The TOF-based SNR gain showed an expected trend with BMI for both OSEM only and PSF reconstruction; however, due to the induced image noise by the low counting statistics, the benefit on TOF was not seen at count levels below 50%. Increases in BMI had less of an influence on CNR gain, which can be associated with two reasons: first, the paediatric patients are significantly smaller compared with adults, with the highest BMI 28 kg/m2 from the analysed patient cohort, which corresponds to an average adult, and secondly, the influence of BMI on the SNR as well as CNR gain is more pronounced for small lesions in abdominal regions or head and neck and less noticeable in other examined areas. This behaviour is reasonable for the abdominal region as this region usually has the largest body extent and the TOF gain is dependent on the object diameter [13]. However, for the TOF gain in the head and neck region, no explanation could be found. Thus, more detailed studies have to be performed separating the different examination areas.

Three nuclear medicine physicians rated the images using a 5-point scale, answering four questions regarding the quality of the presented images. The Pearson’s correlation test showed a medium positive correlation across all the evaluated measures (0.58–0.75) between the 75 and 100% count images and a correlation between 50 and 100% of 0.47–0.58 (Table 2). On an individual basis, the highest correlation was seen for the readings by reader 1, whereas no correlations were seen for reader 3 (Table 3). Based on the calculated p values for the individual readings, the correlation was significant for 10 of the 24 score comparisons for the individual readers. Taking into account that originally injected activity levels correspond already to about ~ 75% of the recommendations by the EANM dosage card, our results indicate a possibility to reduce the injected activity by 50% of the EANM recommendations without significantly compromising image quality and lesion detectability. This reduction would translate into a 3 MBq/kg injection scheme following the Northern American definition for the injected activity compared to actual (5.2 - 3.7 MBq/kg).
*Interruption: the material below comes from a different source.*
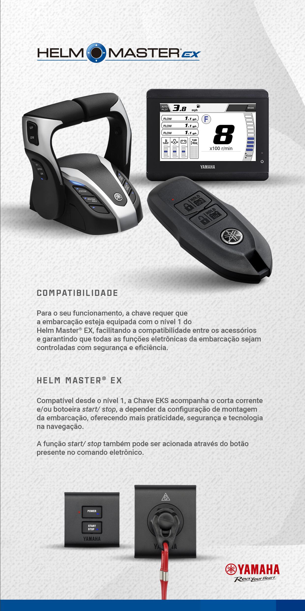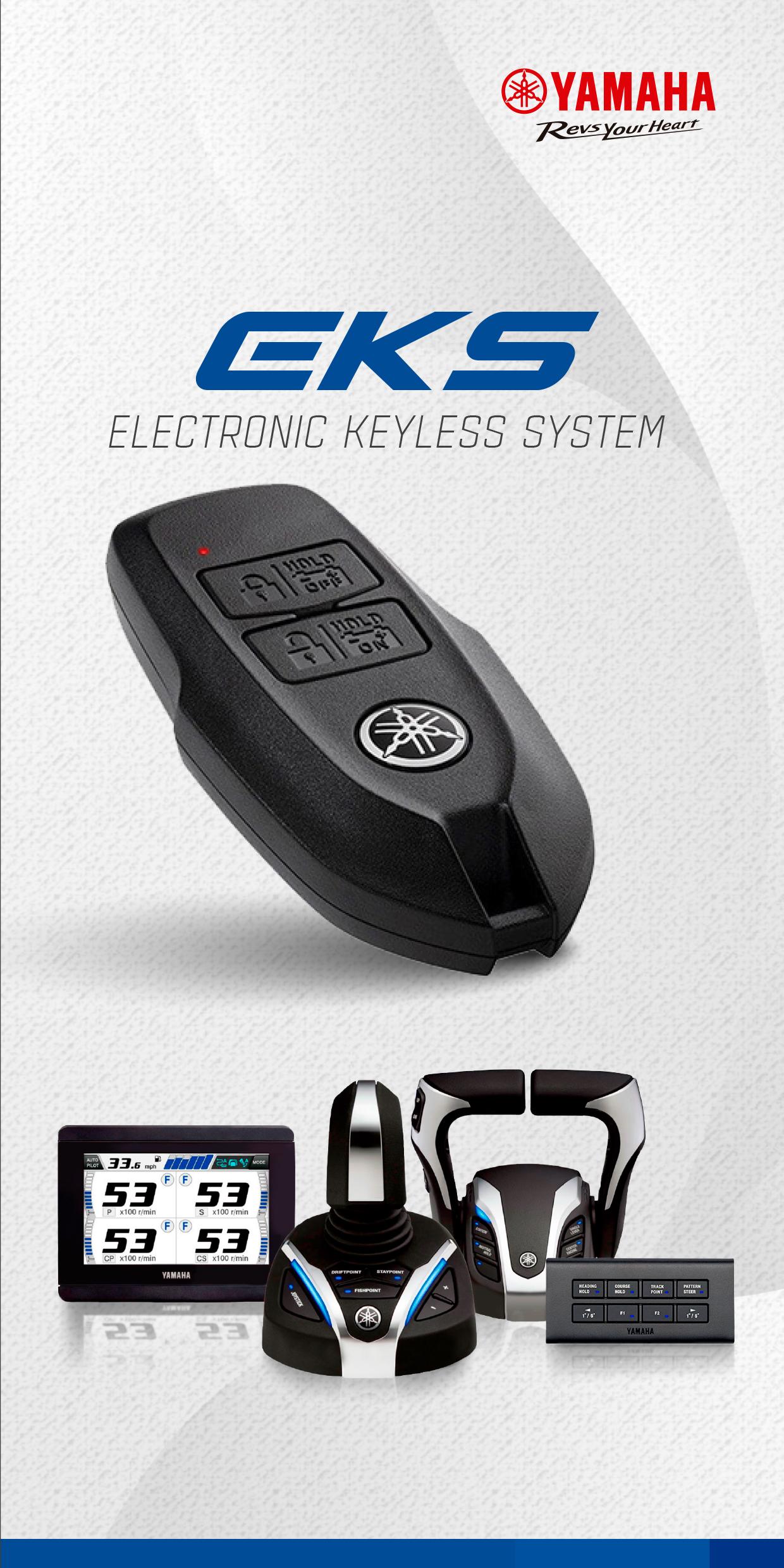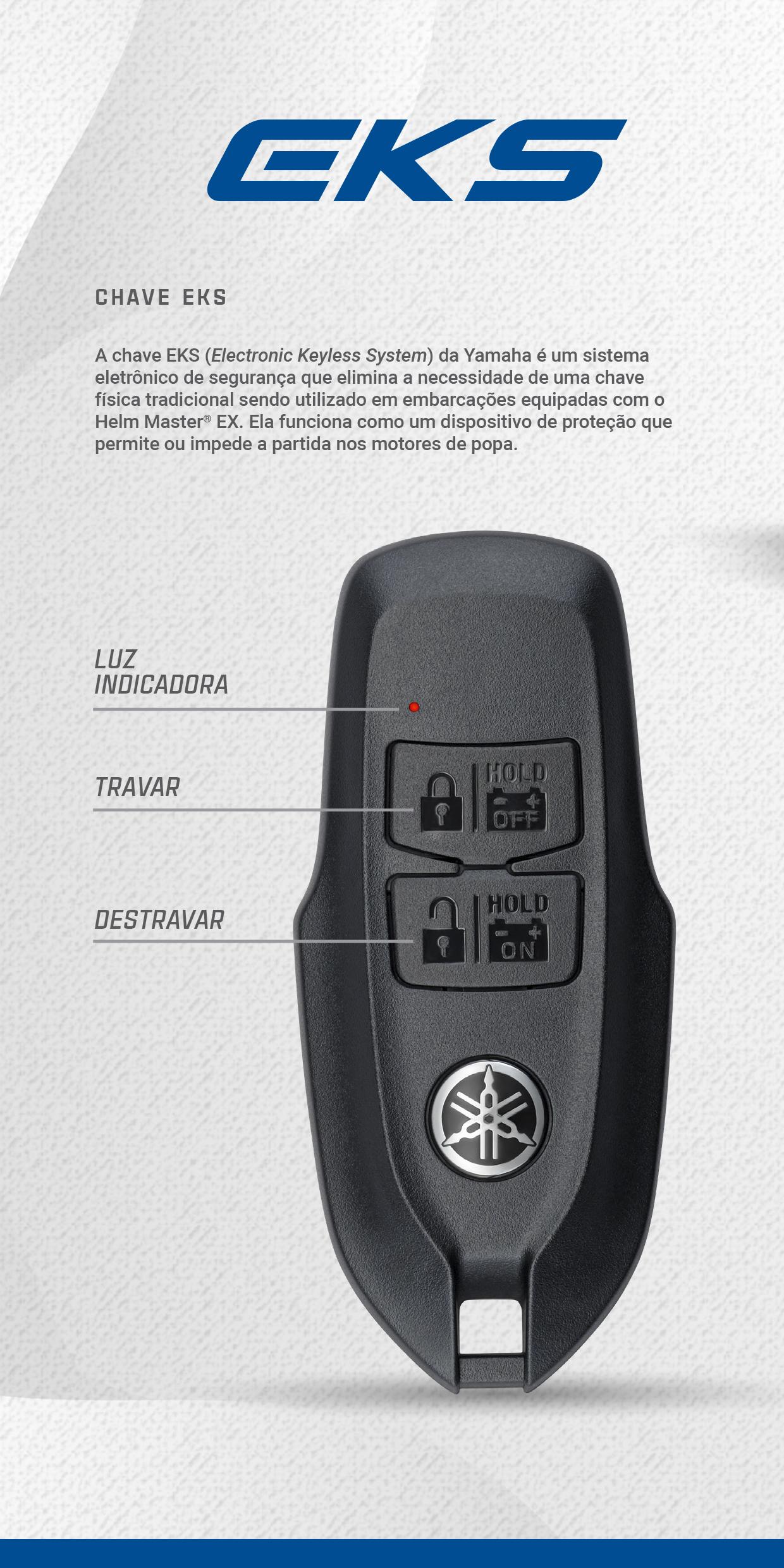 A Chave EKS oferece funcionalidades como travar/destravar o sistema e controlar a alimentação elétrica da embarcação. Ela permite energizar o sistema a distância e, em conjunto com a botoeira start/stop, proporciona ao usuário a comodidade de dar partida sem a necessidade de girar uma chave mecânica no console. A uma distância de até 5 metros, o usuário pode simplesmente pressionar um botão para destravar o sistema Y-COP™* e, em seguida ligar os motores, de maneira segura, simples e rápida.

The EANM paediatric dosage card was introduced in 2008 [6, 7]. In 2011, the baseline activity for the [18F]FDG PET torso examination was defined as 26 MBq following the critical suggestions of Holm et al. [5]. This minimum injected activity value was adopted also by the North American consensus recommendation in 2014 [8]. However, none of these studies took into consideration the specifications of the used PET system [8]. With further evaluations on the newly introduced PET systems, the reduction of the injected activity for 18F[FDG] whole-body paediatric PET/CT would appear feasible.

Limitations of the Study

The main limitation of the study is the small number of paediatric patients with different indications, preventing a full evaluation of the tumours located in different regions. The reduction of the injected activity up to 75% of the administered dose was shown to be feasible on the basis of the presented patient cohort (Table 1); however, the results may be different when dealing with other patient groups with different disease status. Furthermore, new PET/CT systems have been recently introduced into the market equipped with silicon photomultiplier tubes and larger axial field-of-view, thus providing better TOF timing resolution and increased system sensitivity [9]. With these new technical advancements, the injected activities could be conceivably further reduced.

Conclusion

We demonstrate that a significant reduction of administered activity by up to 75% is clinically feasible for 18F[FDG] whole-body paediatric PET/CT examinations without compromising lesion detectability for a state-of-the-art PET/CT systems with resolution recovery (PSF) and a 555ps TOF resolution.